The desire to set a lesser standard and the reasons it’s not worth fighting
There is growing pressure to lower the minimum cut-off mark in response to the appalling outcomes. However, that is a surrender, not a solution. Education is diluted when the bar is lowered, not made more accessible. It covers up the curricular crisis rather than solving it.
200 out of 400 is already a reasonable standard. Lowering it further would be a concession of defeat and, worse, would put kids in colleges who aren’t ready for the demands of higher learning.
It’s not that the bar is too high that’s the problem. The reason is that the ladder leading to it has been yanked away.
Twenty-two percent passed. What then becomes of the remaining 78?
A 22 percent pass rate, according to some, is “not bad,” since more than 430,000 applicants received scores above 200, which is more than enough to fill Nigeria’s federal colleges. However, this argument is risky and cynical. It views education as a privilege for a select few rather than a right. Year after year, millions of people are left behind with no justification, no second chances, and no reform in sight. How do they fare? Do we just throw them away? Do their goals have less merit? Public education should aim to raise rather than eradicate.

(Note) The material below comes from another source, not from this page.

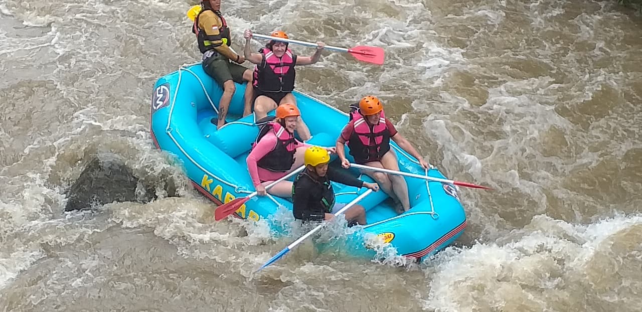 Frühmorgens schwingen wir uns wieder aufs Rad und fahren durch traditionelle Dörfer zum 43 Meter hohen Pinaras-Wasserfall. Weiter geht es zum glitzernden Linow-See. Schwefelhaltige Dämpfe steigen von seinen Ufern auf, und die Farben verändern sich aufgrund der chemischen Zusammensetzung häufig. Direkt weiter nach Timbuka für eine Raftingtour. Rückfahrt mit dem Auto nach Tomohon. Übernachtung im Hotel in Tomohon (Highland Resort).

The reckoning that is ahead: Harmonize or disintegrate
The path ahead is obvious. Nigeria needs to align the JAMB and WASSCE curricula. What is taught and what is tested need to be consistent. To present a contemporary, useful curriculum, teachers need to be prepared with the necessary resources and training. Rebuilding the infrastructure, integrating digital learning, and enforcing accountability at all levels are necessary.
More significantly, politicians need to quit using education reform as a campaign slogan. The quality of the nation’s human capital is what will determine its destiny, not oil, aid, or foreign investment.
A crisis-stricken country cannot afford to pretend to be educated.
The results of the 2025 UTME are a sign of a larger problem, not just a statistic. Students’ failures are not the only issue. They are being punished because the system set them up to fail.
Nigeria will continue to create more failures in the future until it faces this truth, aligns its curriculum, invests in its schools, and honors the intelligence of its students.
Furthermore, scoring won’t be the only way to quantify the catastrophe. It will be included in the number of generations lost.